I never learned Python. All these introductions were introducing this single little factoid, which I find totally shocking. I NEVER LEARNED IT. How can it be?! It's a programming language, damn it. Let's take an example of a programming language. Um, I dunno, C++? OK, our example is C++. Can you imagine someone trying to make sense of C++ without learning it, just by reading code, writing code and looking things up on demand? Ha! No, make that "Ha" squared and raised to the power of "get out of here". OK, C++ sucks, we've already got enough of that at yosefk.com. Perl. You can't mentally parse Perl without knowing quite some of it. And even then, only perl can parse Perl. See? You ought to learn programming languages. Read a book or a tutorial or something. Not a very big deal, by the way, except most people are so damn Environmentally Lazy that if I weren't like that myself, it would really bug the hell out of me. You ought to actually learn, and people don't want to learn, and that's why they prefer to use fewer languages and ignore the itching. OK, so the strings are white-on-yellow. So the error messages occupy the better part of the screen. To quote John Lydon again, "I'm a Lazy Sod! I'm so Lazy! Can't even be BOTHERED!!"

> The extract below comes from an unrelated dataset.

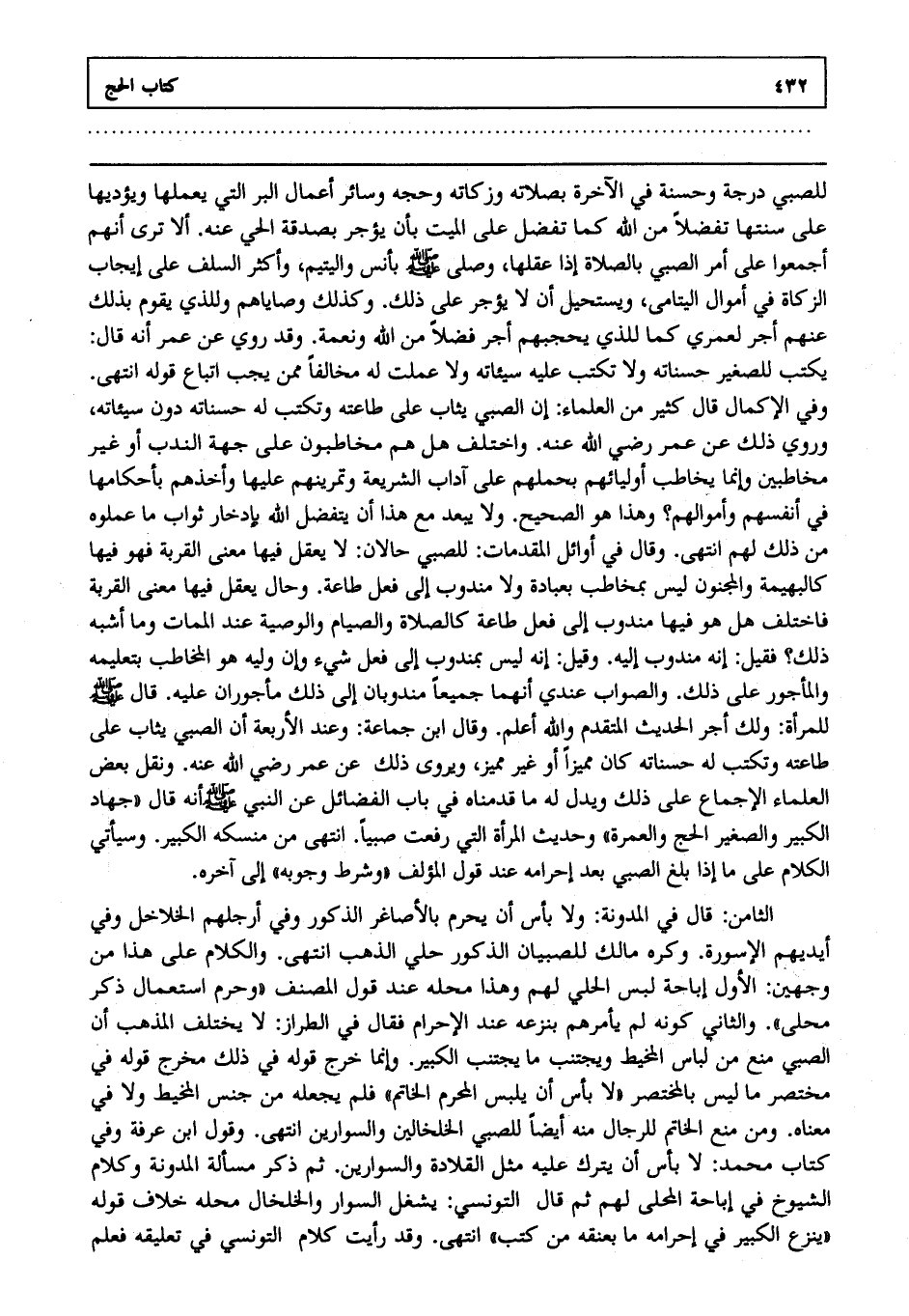 الثامن: قال في المدونة: ولا بأس أن يحرم بالأصاغر الذكور وفي أرجلهم الخلاخل وفي أيديهم الأسورة وكره مالك للصبيان الذكور حلي الذهب انتهى. والكلام على هذا من وجهين الأول إباحة لبس الحلي لهم وهذا محله عند قول المصنف وحرم استعمال ذكر محلى والثاني كونه لم يأمرهم بنزعه عند الإحرام فقال في الطراز لا يختلف المذهب أن الصبي منع من لباس المخيط ويجتنب ما يجتنب الكبير وإنما خرج قوله في ذلك مخرج قوله في مختصر ما ليس بالمختصر لا بأس أن يلبس المحرم الخاتم فلم يجعله من جنس المخيط ولا في معناه ومن منع الخاتم للرجال منعه أيضا للصبي الخلخالين والسوارين انتهى. وقول ابن عرفة وفي كتاب محمد لا بأس أن يترك عليه مثل القلادة والسوارين ثم ذكر مسألة المدونة وكلام الشيوخ في إباحة المحلى لهم ثم قال التونسي يشغل السوار والخلخال محله خلاف قوله: ينزع الكبير في إحرامه ما بعنقه من كتب انتهى. وقد رأيت كلام التونسي في تعليقه فعلم

But you see, we aren't necessarily talking about Bad Laziness here, and no, programming languages don't have to require that much learning. At this point, I am supposed to write lots of explanations, which I will optimize out by linking to the book User Interface Design For Programmers by Joel Spolsky. I mention it because of two of its virtues: (1) It perfectly makes and explains my next point and (2) Quite likely you've already read it, because everybody reads Joel On Software, so you know what I'm talking about. What I'm talking about is what this book calls the cardinal axiom of user interface design: "A user interface is well-designed when the program behaves exactly how the user thought it would." I won't argue why this makes sense; this is discussed in the beginning of the book, and I couldn't say it better. What I want to argue is a complementary claim: "Every interface is a user interface." The kind of user we're dealing with varies, but whichever kind it is, the last thing we want to do to that user is to surprise him or her or it (some interfaces are for machines; these are normally easier to get right).

In particular, a programmer is a kind of user, and a programming language is a kind of user interface. So is a function or a class or a library. If the programming language or a library doesn't do what actual programmers out there think it would do, than it sucks. If it goes as far as silently doing the wrong thing instead of telling the user about the mistake in a clear way pointing to the exact source of the problem (I'm talking to you, C++ template weenies), then, my friends, it totally and uncompromisingly sucks. Period.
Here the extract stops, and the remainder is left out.